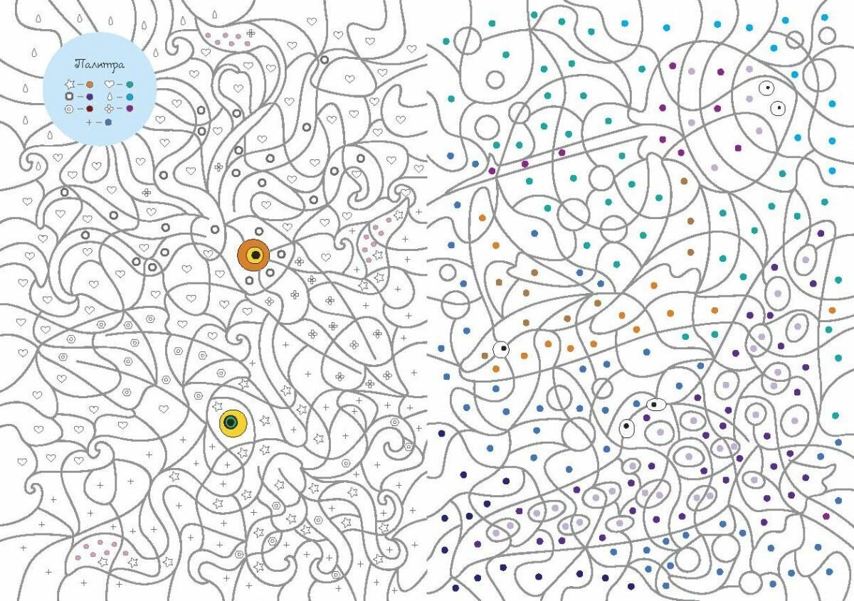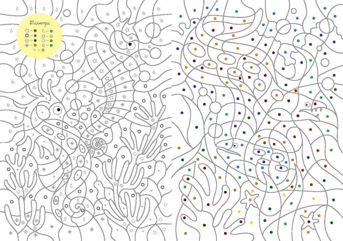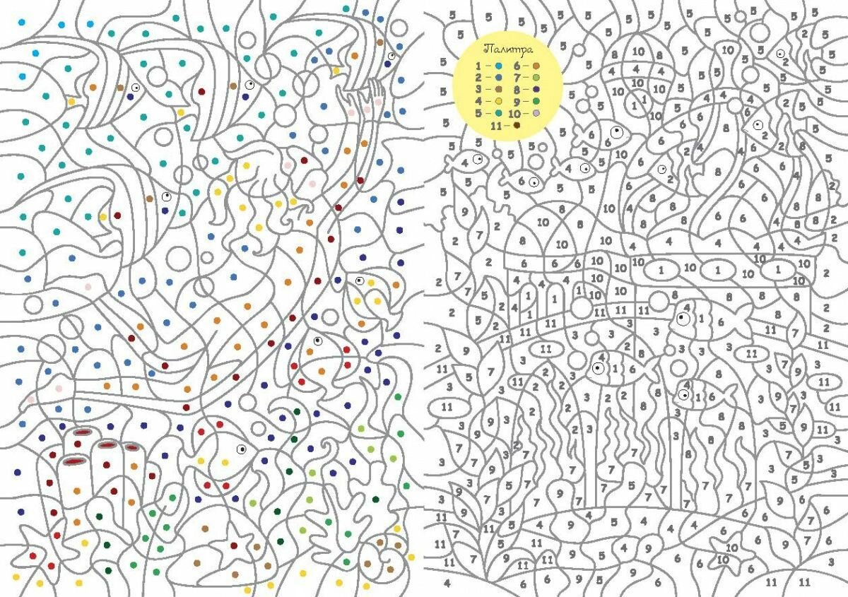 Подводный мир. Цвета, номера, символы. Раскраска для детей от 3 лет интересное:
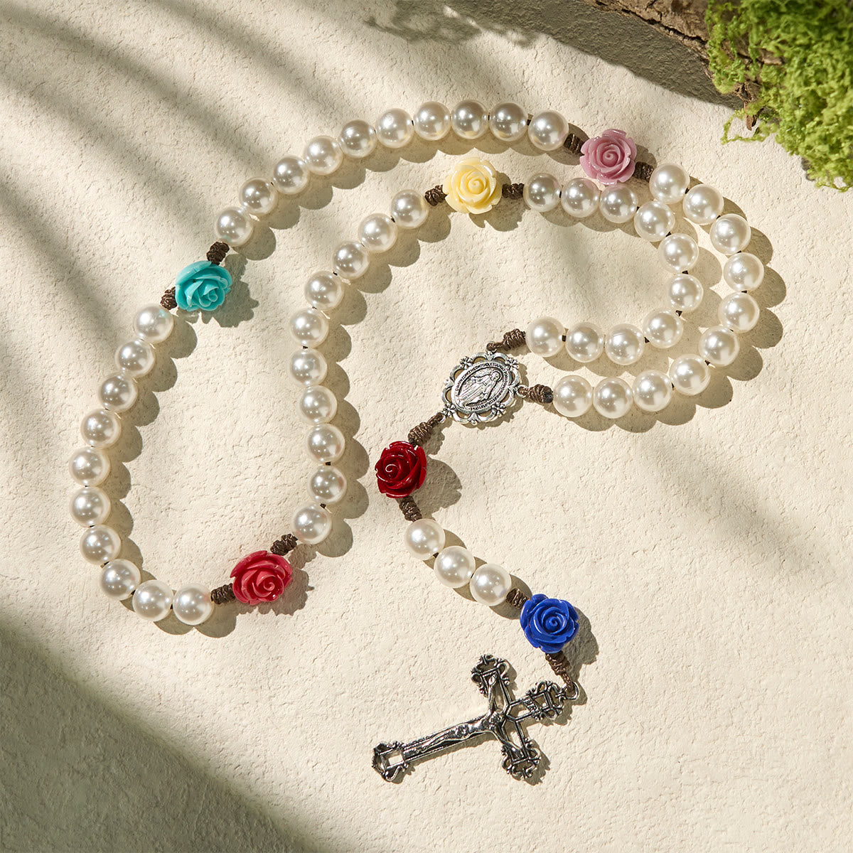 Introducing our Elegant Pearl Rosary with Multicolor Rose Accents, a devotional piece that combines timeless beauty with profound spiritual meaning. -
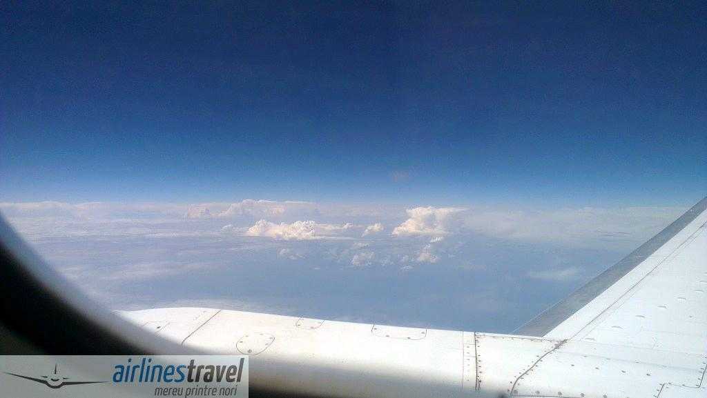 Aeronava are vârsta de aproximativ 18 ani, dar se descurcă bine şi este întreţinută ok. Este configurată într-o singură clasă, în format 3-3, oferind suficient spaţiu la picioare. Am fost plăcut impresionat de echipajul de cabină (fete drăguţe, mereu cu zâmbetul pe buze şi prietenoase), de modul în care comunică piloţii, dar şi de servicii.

--

__Problem description__
The expected output is the material above, repeated exactly and free of pictures.

__Result of this task__
 Подводный мир. Цвета, номера, символы. Раскраска для детей от 3 лет интересное:
 Introducing our Elegant Pearl Rosary with Multicolor Rose Accents, a devotional piece that combines timeless beauty with profound spiritual meaning. -
 Aeronava are vârsta de aproximativ 18 ani, dar se descurcă bine şi este întreţinută ok. Este configurată într-o singură clasă, în format 3-3, oferind suficient spaţiu la picioare. Am fost plăcut impresionat de echipajul de cabină (fete drăguţe, mereu cu zâmbetul pe buze şi prietenoase), de modul în care comunică piloţii, dar şi de servicii.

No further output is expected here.